# DIY CO2 explosion



## baconeggsandkate (Jun 7, 2017)

Hi! I setup a DIY co2 system using one of those nifty pre assembled bottlecap systems that you can get on Amazonhttp://www.amazon.com/DIY-CO2-Aquarium-Plant-System/dp/B008CUZJF6

I set it all up with a bubble counter and using a citric acid and baking soda system to generate the co2. This worked great for the last week and a half. The pressure stayed around 1.5 (halfway through the green zone on the gauge) and I was using .5 bubbles/sec which was suggested by the instructions. 

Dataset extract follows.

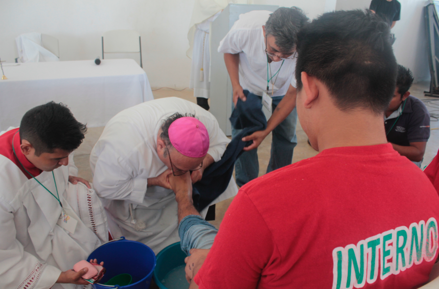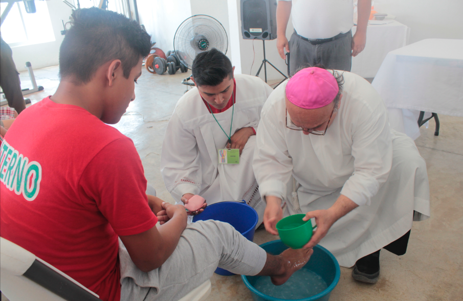 El Obispo auxiliar de Yucatán, Pedro Mena Díaz lavó los pies de siete jóvenes internos del CEAMA

Well, tonight it exploded a little. Over the last two days I noticed that the pressure was building itself up to 3-5 on the gauge. When I noticed this I would bleed it off a bit down back into the green zone. This was working fine, until my boyfriend decided to help, and instead of pulling a line and opening up the pin valve all the way he decided to try just unscrewing one of the bottle caps. The noise was deafening and of course everything got coated with a layer of baking soda water. 

So, my question is about the pressure fluxuations. It started happening in the last day and a half, while we were experiencing a lot of barometric variations. No idea if that is a likely root cause.

Any ideas?


----------



## kyle3 (May 26, 2005)

Wow! that sounds exciting 

has it been warmer? Pressure changes seem like a plausible contributing factor to me too.

PS back in the day when I was doing DIY CO2 that sweet bottle cap assembly did not exist. I had to drill holes in caps and silicone them in place -- so much less awesome. I'm really impressed by that rig!


----------



## JonA (Mar 8, 2017)

I always have a problem with the pressure dropping. I end up having to squeeze bottle b like crazy to get the pressure back up.


----------



## baconeggsandkate (Jun 7, 2017)

Thanks for responding! It got much warmer by about 10 degrees F last week then we had rain and storms and it dropped a little but not much. That said I try to keep the apartment cooler with fans going while at work during the day and the parts of the night when nobody is in the room with the tank. There is a chunk of the evening when the room is air conditioned.


----------



## GrampsGrunge (Jun 18, 2012)

This is why I don't do my DIY CO2 systems against those sintered glass diffusers that require higher pressure. I keep all of mine as low pressure feeding into either a power head or a low pressure filter or circulation outflow pipe or tube.


----------